Now that people are just starting to wake up to how bad it's going to be, including the people who live but are badly injured (i.e. lung dysfunction), the media is going to make it out to be the end of the world. A lot of people are going to not be listening to the government because it lies (I found out about n100 masks on fucking kiwifarms a couple of months ago; good luck hearing about their efficacy from the CDC right now). Instead we're told to 'wash hands' as if that's gonna stop an airborne contagion.

It's not actually the end of the world, but it's going to be bad enough that it might be very destabalizing. Some governments will fall. Iran and North Korea are getting hosed. People are going to be fucking pissed.



keyboredsm4shthe2nd said:


> Well it _is_ election time. Nothing fucks shit up more than a manufactured pandemic which affects people who live in smog infested shitholes with human shit  and mice rampant on the streets (China, Iran, LA). Have _any _of the deaths from coronavirus been someone with a normal functioning immune system who is young, breathes clean air, and doesn't frolic in human feces? Because the fucking Michigan governor just shut down every K-12 school in the state for at least a month.


Doctors and medical personnel that are neither elderly nor infirm are dying. Probably due to the fact that they get exposed to a lot of the virus. Then you have random people who just kick the bucket despite not being over 50.

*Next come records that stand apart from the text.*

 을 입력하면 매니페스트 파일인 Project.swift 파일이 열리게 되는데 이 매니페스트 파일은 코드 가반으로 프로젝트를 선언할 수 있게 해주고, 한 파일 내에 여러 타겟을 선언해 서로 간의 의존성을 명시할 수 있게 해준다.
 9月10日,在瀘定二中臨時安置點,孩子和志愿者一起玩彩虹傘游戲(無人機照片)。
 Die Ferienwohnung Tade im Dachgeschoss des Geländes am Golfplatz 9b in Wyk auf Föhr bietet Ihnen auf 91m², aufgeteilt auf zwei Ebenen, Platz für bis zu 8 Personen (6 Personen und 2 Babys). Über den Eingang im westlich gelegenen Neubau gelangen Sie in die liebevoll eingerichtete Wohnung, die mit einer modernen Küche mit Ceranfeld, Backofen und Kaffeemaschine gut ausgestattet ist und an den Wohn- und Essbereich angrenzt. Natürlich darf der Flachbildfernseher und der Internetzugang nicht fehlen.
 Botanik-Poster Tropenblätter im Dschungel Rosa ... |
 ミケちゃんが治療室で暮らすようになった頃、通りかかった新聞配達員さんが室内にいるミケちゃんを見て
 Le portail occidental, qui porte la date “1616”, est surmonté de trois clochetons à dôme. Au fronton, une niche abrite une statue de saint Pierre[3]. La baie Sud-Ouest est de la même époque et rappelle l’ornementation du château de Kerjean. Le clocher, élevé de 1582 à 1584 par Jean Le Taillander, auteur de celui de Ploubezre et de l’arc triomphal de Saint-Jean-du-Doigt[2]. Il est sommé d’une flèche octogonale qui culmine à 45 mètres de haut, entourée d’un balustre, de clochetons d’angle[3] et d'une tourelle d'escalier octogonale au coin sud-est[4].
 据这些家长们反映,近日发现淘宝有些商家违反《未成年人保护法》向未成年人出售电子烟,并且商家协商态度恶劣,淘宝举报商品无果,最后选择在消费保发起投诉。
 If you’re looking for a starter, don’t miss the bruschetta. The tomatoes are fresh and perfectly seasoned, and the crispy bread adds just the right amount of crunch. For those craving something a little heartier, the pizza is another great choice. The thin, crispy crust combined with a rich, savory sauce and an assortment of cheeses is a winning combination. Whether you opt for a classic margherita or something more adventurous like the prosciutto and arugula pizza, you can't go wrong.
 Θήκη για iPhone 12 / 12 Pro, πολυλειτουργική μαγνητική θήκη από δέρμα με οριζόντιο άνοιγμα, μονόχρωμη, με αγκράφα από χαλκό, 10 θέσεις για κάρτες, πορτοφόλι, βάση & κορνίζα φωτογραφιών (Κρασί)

Then there's Italy and Iran. So many people are dying because the medical system has collapsed that we don't have good stats. That's the key to this whole thing. If you are the first patient to get sick, you stand a very good chance of being OK. Either you don't get very sick at all or, if you do, you have access to medical care. Ventilators, ECMO, or at least supplemental O2. There are a lot of people that survive because of these things. But there aren't even close to enough of them to deal with a major outbreak. That's when you get a real breakdown and the mortality goes way above the .6% they've managed in Korea. You get to well above 5% like in Italy. Hell, you'll have plenty of people dying of other illnesses because the medical system is overwhelmed. Don't have a heart attack in the next few months.

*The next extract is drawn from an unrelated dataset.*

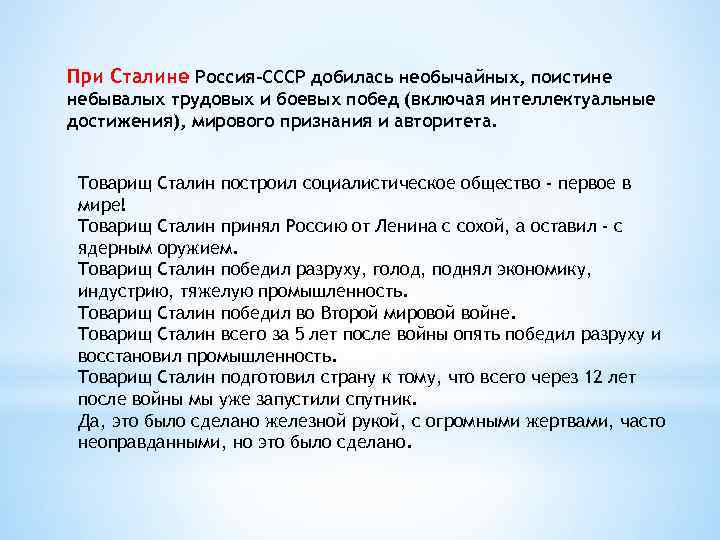 При Сталине Россия-СССР добилась необычайных, поистине небывалых трудовых и боевых побед (включая интеллектуальные достижения), мирового признания и авторитета. Товарищ Сталин построил социалистическое общество - первое в мире! Товарищ Сталин принял Россию от Ленина с сохой, а оставил - с ядерным оружием. Товарищ Сталин победил разруху, голод, поднял экономику, индустрию, тяжелую промышленность. Товарищ Сталин победил во Второй мировой войне. Товарищ Сталин всего за 5 лет после войны опять победил разруху и восстановил промышленность. Товарищ Сталин подготовил страну к тому, что всего через 12 лет после войны мы уже запустили спутник. Да, это было сделано железной рукой, с огромными жертвами, часто неоправданными, но это было сделано.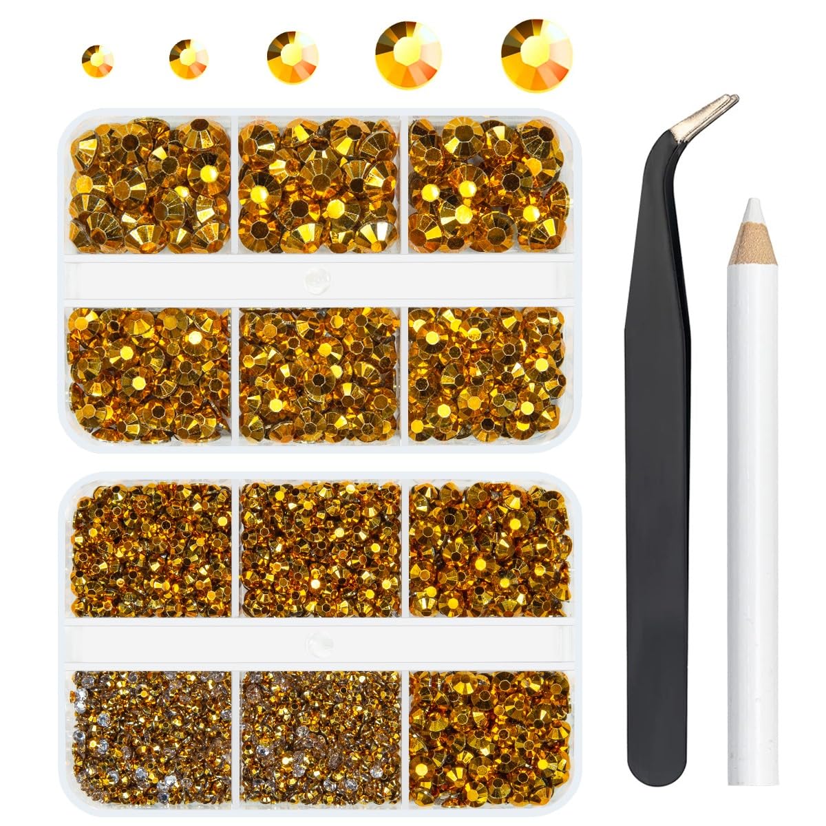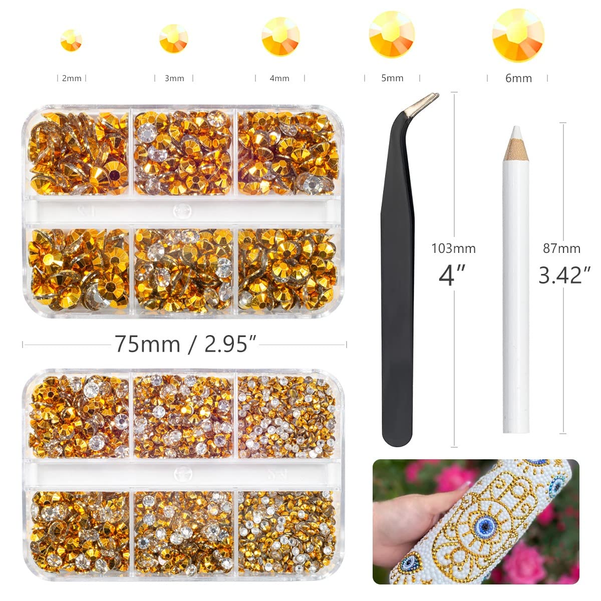 qiipii 3060PCS Bright Gold Resin Flatback Rhinestones for Tumblers Crafts Clear Golden Flatback Jelly Rhinestone 2mm 3mm 4mm 5mm 6mm Non-Hotfix Golden Gems Stones for Tumblers Mugs Bottles DIY Crafts

It's like in ye olden days where you'd have two armies fighting. Not a lot of people would die during the fighting, relatively speaking. But when one army turned and ran, that's when it would turn into a massacre. All the efforts now in places where it has spread need to be to try and slow it down so not everyone get it at once. The best we can do is hope as close to baseline mortality as we can get.


----------



## A Cardboard Box (Mar 13, 2020)

There's exactly one country we can look at in the western world where the virus is running unchecked through a free society, and that's Italy. We've known the numbers the Chinese have been publishing are bullshit for a long time, but we didn't know how bullshit until Italy. What Italy shows us is something we've been suspecting since China built a hospital in 8 days: the current infrastructure simply cannot handle the sheer number of cases that require medical attention. 

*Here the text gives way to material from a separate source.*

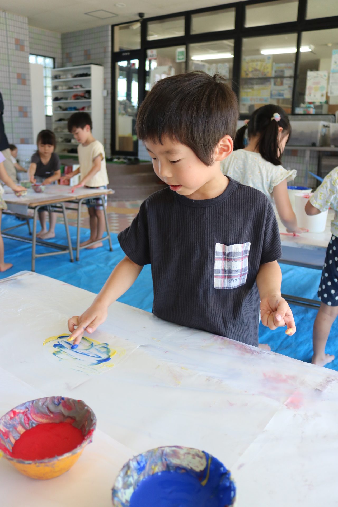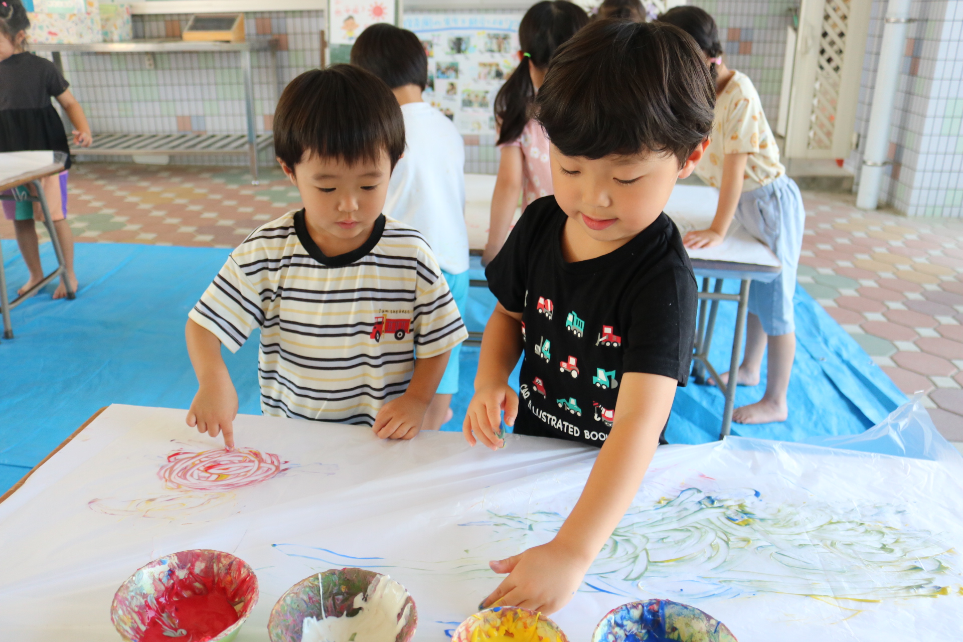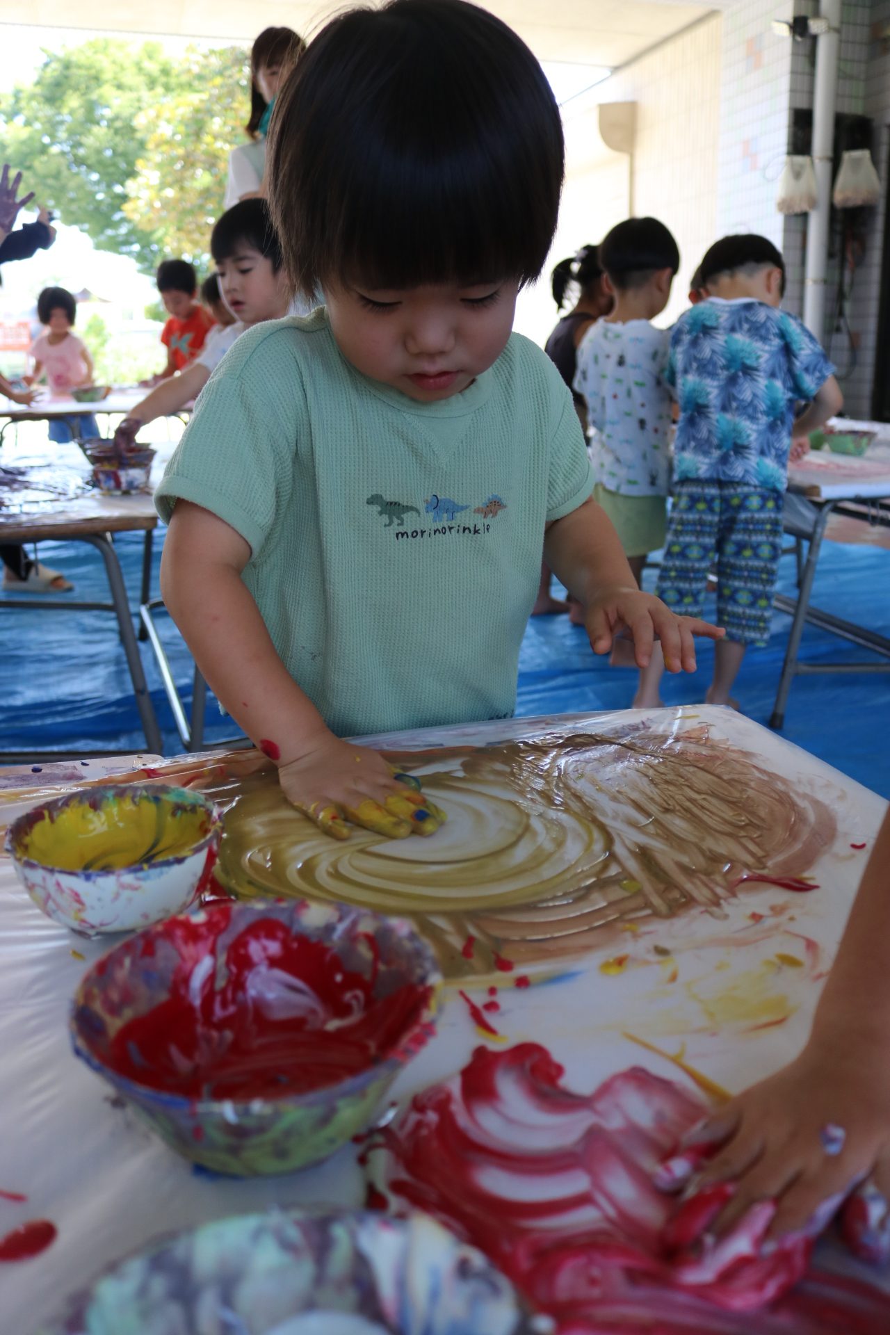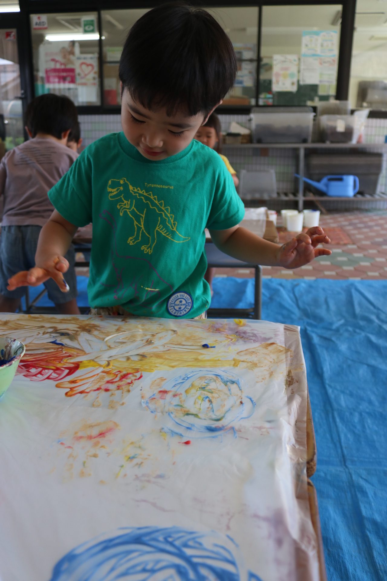 ダイナミックに感触を楽しんでフィンガーをする子どもたち。色の混ぜ方も上手でした😊
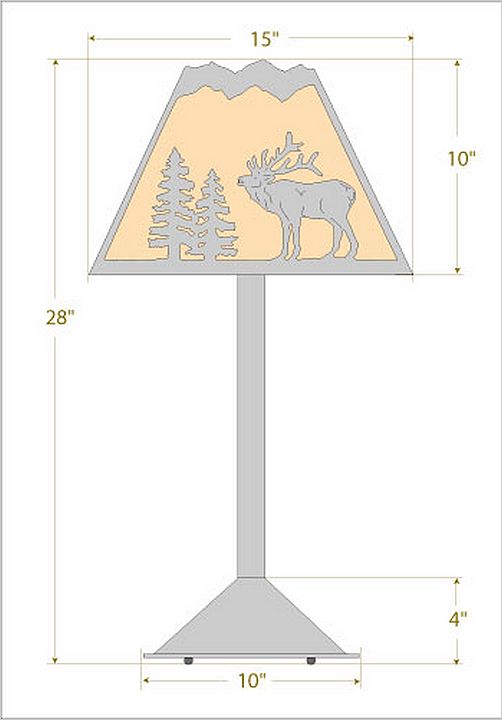 The Rocky Mtn Table Lamp - Mtn Elk features a 15in. wide by 10in. tall lampshade frame with our exclusive elk metal artwork on the front two panels, and spruce trees on the sides. The lamp is made of heavy gauge steel, and has a diffuser choice between Almond or Amber mica. The light features a simple stand with a square base, four molded vinyl feet on the bottom to protect the table surface, and a three-way switch built into the socket. This table lamp will bring rustic, decorative lighting to any log home, cabin or northwood lodge-themed room.

When it made it to the West, initially, even in Italy, the highest level of care was capable of being given. Virtually nobody died. The mortality rate of the virus was adjusted lower and lower until the "not even as bad as the flu" meme was in full swing. Everything was turned on its head when Italian ICUs hit capacity. The mortality rate was revised up and up until where it sits now which is just over 6%, which is worse than the Spanish Flu Pandemic of 1918. Italian doctors are now unable to treat each case. They are triaging patients based on the "red, yellow, green" system that is most commonly seen in emergency disaster response. Green: will survive without treatment. Yellow: will survive with treatment. Red: will not survive even with treatment. Doctors are now having to make the impossible decisions of who lives and who dies. Emergency services are breaking down. Most famously a woman was quarantined in her home with her dead husband for 30 hours because they simply didn't have anyone to go get the body. 

It's bad. Not society ending bad, or boogaloo meme bad, or SHTF bad, but bad enough that the average person needs to make a plan for what to do in case the fabric of Western society starts to tatter in some areas. What happens if you call 911 and nobody shows up? What happens if the Walmart is shut down, looted, or sold out of basic supplies? What happens if the garbage trucks stop running? What happens if someone dies and there isn't anyone to pick up the body? These are questions people need answers to, and the answers provided must come from an independent source not reliant on government or contracted services. This is especially pertinent in large cities, where looting will be more prevalent and violence is already higher. 

Anyway that's my two cents. The real threat isn't the virus. It was never the virus. The real threat is the desperate people that feel they have nothing to lose. I'll get off my soapbox.


----------



## heathercho (Mar 13, 2020)

Syaoran Li said:


> >Is the COVID-19 pandemic being exploited for political and socioeconomic reasons?
> 
> Does the Pope shit in the woods?
> 
> ...



It's quite interesting how dramatically different the media/etc reaction is to this virus vs H1N1. That was rather deadly too and it wasn't played out like this is being played out - https://en.wikipedia.org/wiki/2009_flu_pandemic_in_the_United_States. It's an interesting contrast.




A Cardboard Box said:


> There's exactly one country we can look at in the western world where the virus is running unchecked through a free society, and that's Italy. We've known the numbers the Chinese have been publishing are bullshit for a long time, but we didn't know how bullshit until Italy. What Italy shows us is something we've been suspecting since China built a hospital in 8 days: the current infrastructure simply cannot handle the sheer number of cases that require medical attention.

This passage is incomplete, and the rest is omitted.